What's cheaper, gas or water?

Regarding "Keeping track: prices at the pump" ( March 18, Work&Money): The same folks who complain about paying $1.22 for a gallon of gas think nothing of buying unregulated, bottled water for as much as $8 per gallon. For all we know, "natural spring water" could have come from someone's tap – but we're still willing to pay as much as $1 per pint.
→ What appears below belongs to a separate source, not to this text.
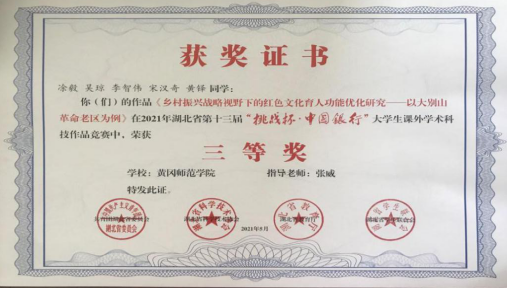 近日,公司张威教授指导、政治学与行政学专业18级凃毅团队的作品《乡村振兴战略视野下的红色文化育人功能优化研究——以大别山革命老区为例》在湖北省第十三届“挑战杯.中国银行”老员工课外学术科技作品竞赛上荣获三等奖。
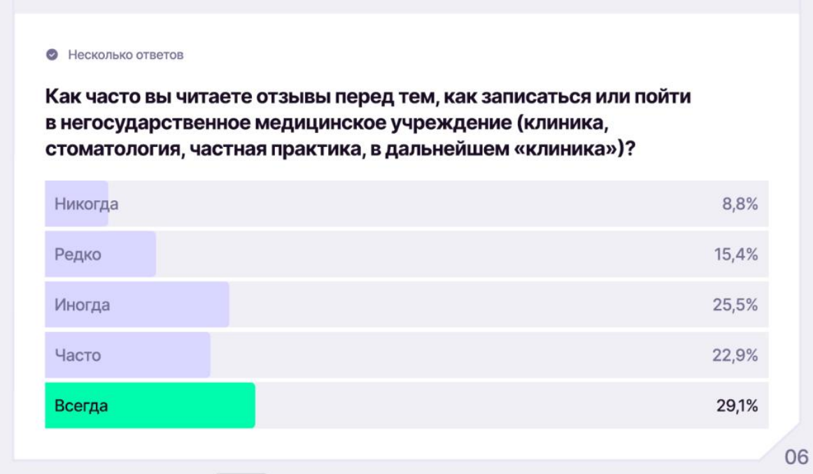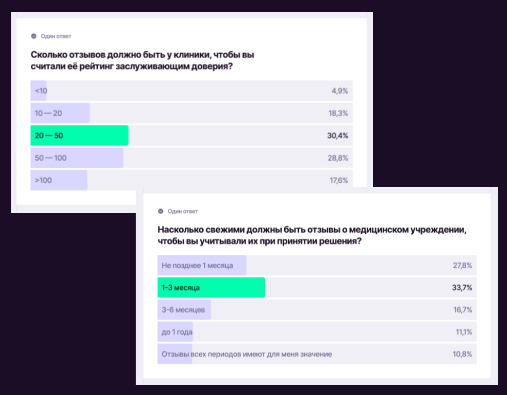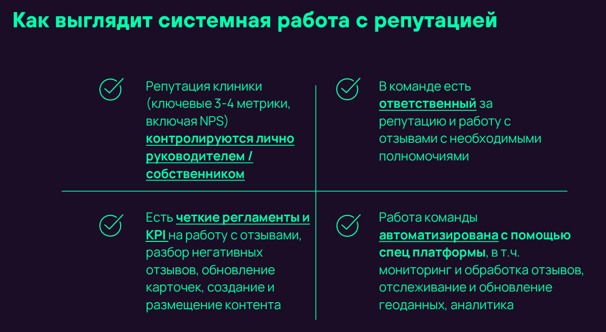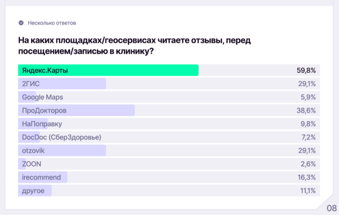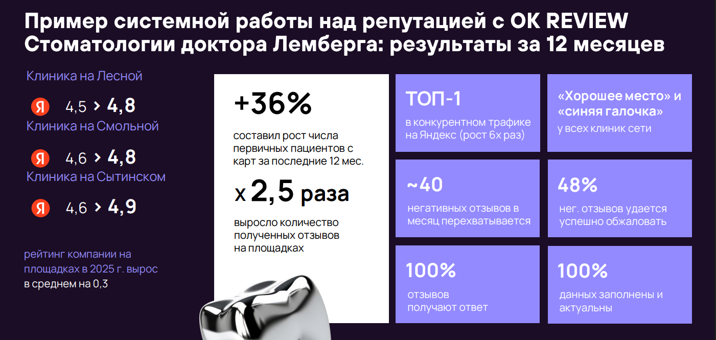 Главная | Блог | Кейсы | Е-коммерс | От поиска до лояльности: как репутация работает на каждом этапе пути пациента. Данные OK REVIEWОт поиска до лояльности: как репутация работает на каждом этапе пути пациента. Данные OK REVIEW 15 апреля 2026 23 мин на чтение 40 геосервисы геосервисы Нина ОпалькоСтарший редактор Calltouch Содержание Нет времени читать? Многие клиники сегодня живут с ощущением, что если они есть на карте и у них неплохой рейтинг, то с репутацией все в порядке. Но пациенты мыслят иначе. Они читают отзывы на 2-3 площадках, обращают внимание на их свежесть, оценивают, как клиника отвечает на негатив, сравнивают карточки с конкурентами.Сергей Литвиненко, основатель сервиса OK REVIEW, на конференции «Колдэй.Медицина 2026» разобрал, как клинике выстроить системную работу с репутацией. Мы собрали ключевые тезисы из его выступления, подкрепленные данными исследования OK REVIEW.О сервисеOK REVIEW — это сервис по управлению онлайн-репутацией. Компания помогает бизнесу собирать реальные отзывы клиентов, мониторить упоминания на крупных интернет-площадках и работать с ними в едином интерфейсе. Платформа сочетает IT-разработку и сервис, предоставляя инструменты для аналитики, сбора обратной связи и реагирования на негатив. Работа сервиса направлена на решение следующих задач:привлечь больше отзывов, улучшить рейтинг на геосервисах и отзовиках;автоматизировать работу с отзывами на всех крупнейших онлайн-площадках;поддерживать актуальность данных о бизнесе в геосервисах и поисковиках;помогать принимать решения на основе данных — предоставлять аналитику обратной связи клиентов по всем отзывам.С компанией работают как крупные сети, так и клиники с единственным филиалом. Максимальное количество локаций, управляемых через OK REVIEW для одного клиента, — более 1 300.Ключевой фактор конверсии: как репутация работает на каждом этапеРепутация клиники проходит через весь путь пациента от первого поиска до возвращения. Вот как это работает.Этап 1. ПоискПациент только начинает искать клинику и врачей. Здесь ключевую роль играют не люди, а алгоритмы поисковых систем и агрегаторов. Для них значимы высокий рейтинг, большое количество свежих отзывов, системная работа с ответами, карточки, адаптированные под поисковую выдачу, присутствие врача-эксперта в медиаполе. Задача клиники — сделать так, чтобы машины посчитали клинику наиболее релевантной для конкретного пациента.Этап 2. ВыборНа этом этапе включается сам человек. Пациент изучает рейтинги, вчитывается в отзывы, анализирует ответы на негатив и позитив, знакомится с контентом в карточках и социальных сетях. Решение принимает человек, и репутация здесь важна с точки зрения качества информации. Работают описание услуг, опыт врачей, технологии, оборудование, награды, прозрачные цены, сценарии лечения, ответы на часто задаваемые вопросы и полезные информационные материалы.Этап 3. ЗаписьНа этапе записи пациенту нужен удобный опыт: запись в два клика, через мессенджеры, свободные слоты, выбор врача, предоплата или бронь, напоминания. Минимум ожидания и действий. Репутация здесь проявляется через бейджи рейтинга, квалификацию врачей, лицензии и сертификаты, которые подтверждают правильность выбора.Этап 4. Визит в клиникуЭто зона профессиональной операционной деятельности: подтверждение визита, навигация, время ожи

Gas, on the other hand, has to be located, drilled, pumped, transported to, and loaded onto ships. It must then be safely shipped (often from the other side of the planet), unloaded and sent to refineries, refined, reloaded onto trucks and transported to local distributors to keep our cars on the road. So why do Americans expect it to be cheaper than water? The answer isn't to drive prices down, but to curtail our dependence on gas.
Shirley Smith
Falls Church, Va.

SUV crusaders

Regarding "Go Valpo! Go ... Crusaders?" (March 11): Jon Pahl worries that after Sept. 11 Valparaiso University's Crusader mascot implies that the US is the "home of the defiantly narrow." He proposes changing the mascot. However, now that the American front on the war against terrorism stretches worldwide, and the Senate has rejected many higher fuel-efficiency standards for light trucks, the Crusader title seems appropriate – just lose the knight in armor and replace it with a suburbanite in an SUV.
Matt Orr
San Francisco

Memories of Africa sparked

Regarding "Sharing sadza and warm conversation with the Zimbabwean people" (March 18, Opinion): Thank you for former Peace Corps volunteer Sarah Hill's piece on the real Zimbabwe. Although not a Peace Corps volunteer, I had a similar experience in Zimbabwe while in a study-abroad program in 1994. The people are wonderful – I felt more at home there than I often do in America, although I've lived here my entire life. I cringe at the news prompted by the elections, and I long for the day when peace returns to the country so that I may, too.